• Problem requirements: Return the data below unchanged. Drop any pictures.

• Raw data:
Start of Block

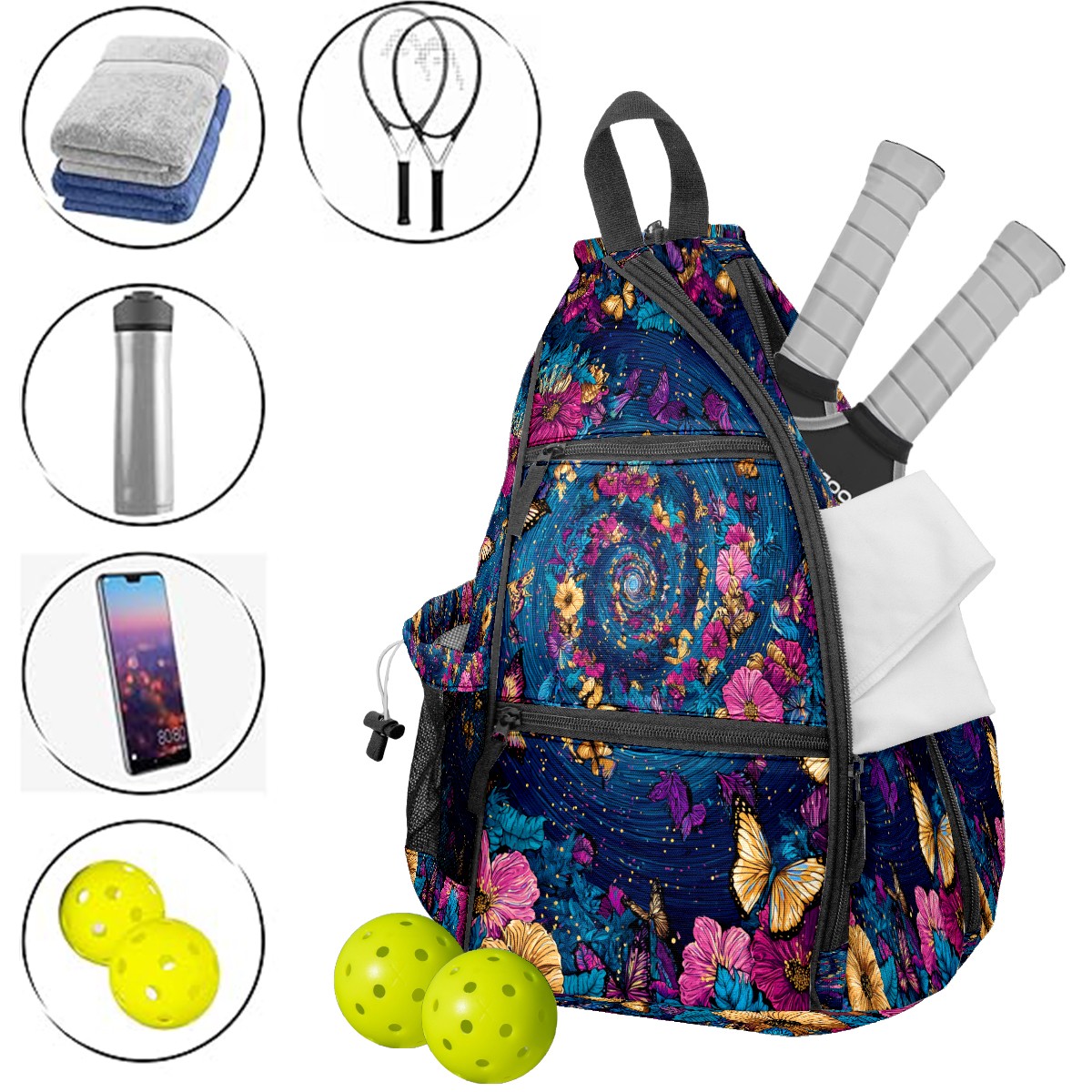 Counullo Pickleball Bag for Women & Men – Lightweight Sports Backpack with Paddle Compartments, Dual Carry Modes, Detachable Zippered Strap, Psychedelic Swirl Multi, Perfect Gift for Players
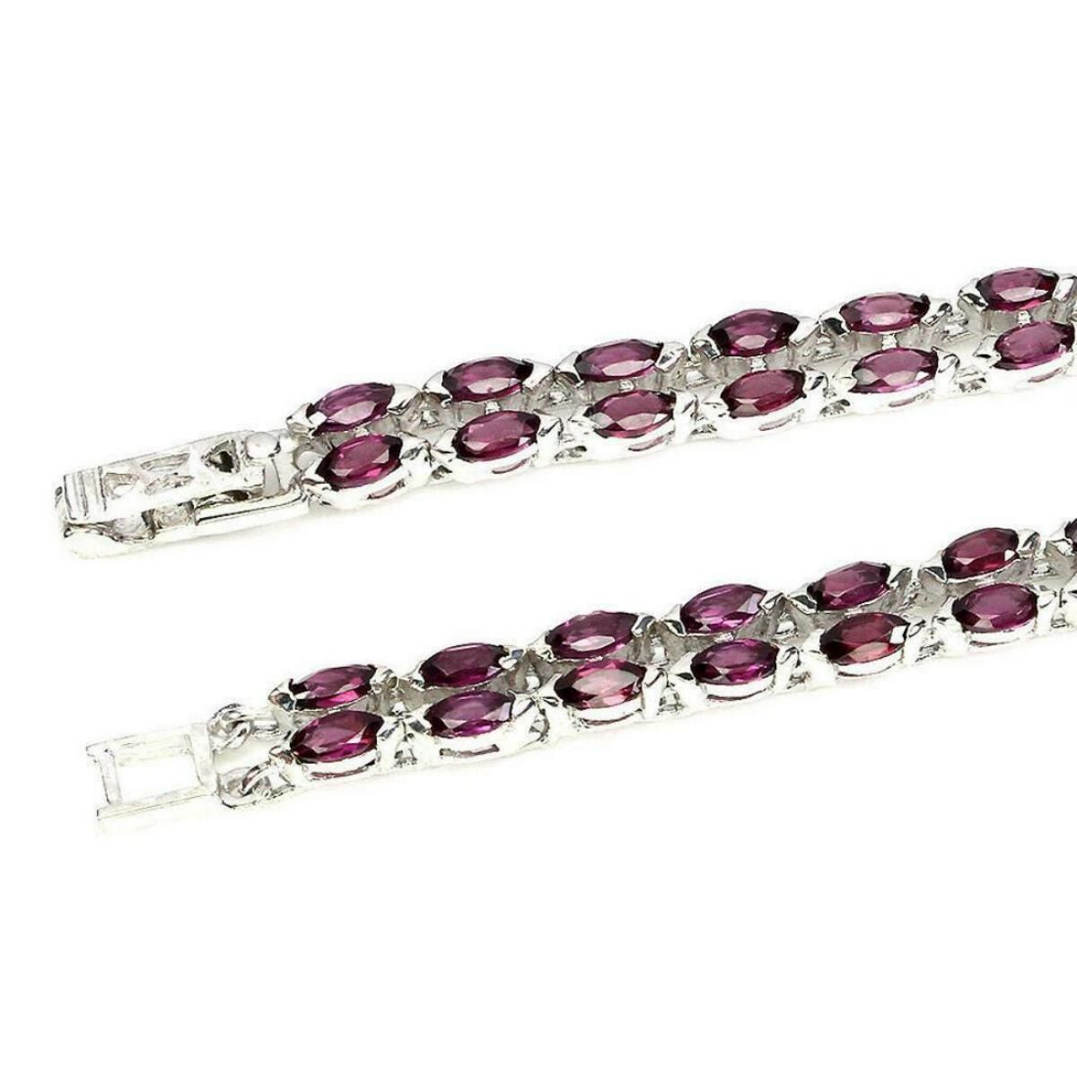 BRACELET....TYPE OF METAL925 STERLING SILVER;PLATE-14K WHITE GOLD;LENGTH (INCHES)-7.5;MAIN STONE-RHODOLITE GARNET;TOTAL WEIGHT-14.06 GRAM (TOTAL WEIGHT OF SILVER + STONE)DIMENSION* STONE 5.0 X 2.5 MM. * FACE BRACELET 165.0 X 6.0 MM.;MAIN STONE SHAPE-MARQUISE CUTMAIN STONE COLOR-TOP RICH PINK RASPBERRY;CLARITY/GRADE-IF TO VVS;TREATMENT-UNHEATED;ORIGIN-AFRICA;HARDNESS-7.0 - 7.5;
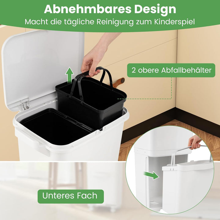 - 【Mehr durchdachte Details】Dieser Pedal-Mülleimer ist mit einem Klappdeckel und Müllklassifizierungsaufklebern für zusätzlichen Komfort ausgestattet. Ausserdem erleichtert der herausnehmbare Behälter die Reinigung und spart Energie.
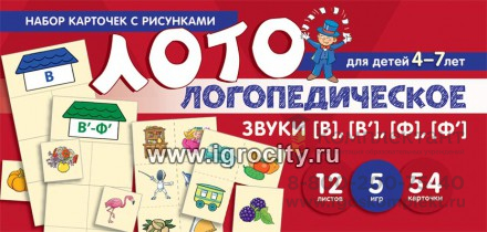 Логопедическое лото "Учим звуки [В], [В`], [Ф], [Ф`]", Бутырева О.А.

End of Block

• Solution to this task:
 Counullo Pickleball Bag for Women & Men – Lightweight Sports Backpack with Paddle Compartments, Dual Carry Modes, Detachable Zippered Strap, Psychedelic Swirl Multi, Perfect Gift for Players
 BRACELET....TYPE OF METAL925 STERLING SILVER;PLATE-14K WHITE GOLD;LENGTH (INCHES)-7.5;MAIN STONE-RHODOLITE GARNET;TOTAL WEIGHT-14.06 GRAM (TOTAL WEIGHT OF SILVER + STONE)DIMENSION* STONE 5.0 X 2.5 MM. * FACE BRACELET 165.0 X 6.0 MM.;MAIN STONE SHAPE-MARQUISE CUTMAIN STONE COLOR-TOP RICH PINK RASPBERRY;CLARITY/GRADE-IF TO VVS;TREATMENT-UNHEATED;ORIGIN-AFRICA;HARDNESS-7.0 - 7.5;
 - 【Mehr durchdachte Details】Dieser Pedal-Mülleimer ist mit einem Klappdeckel und Müllklassifizierungsaufklebern für zusätzlichen Komfort ausgestattet. Ausserdem erleichtert der herausnehmbare Behälter die Reinigung und spart Energie.
 Логопедическое лото "Учим звуки [В], [В`], [Ф], [Ф`]", Бутырева О.А.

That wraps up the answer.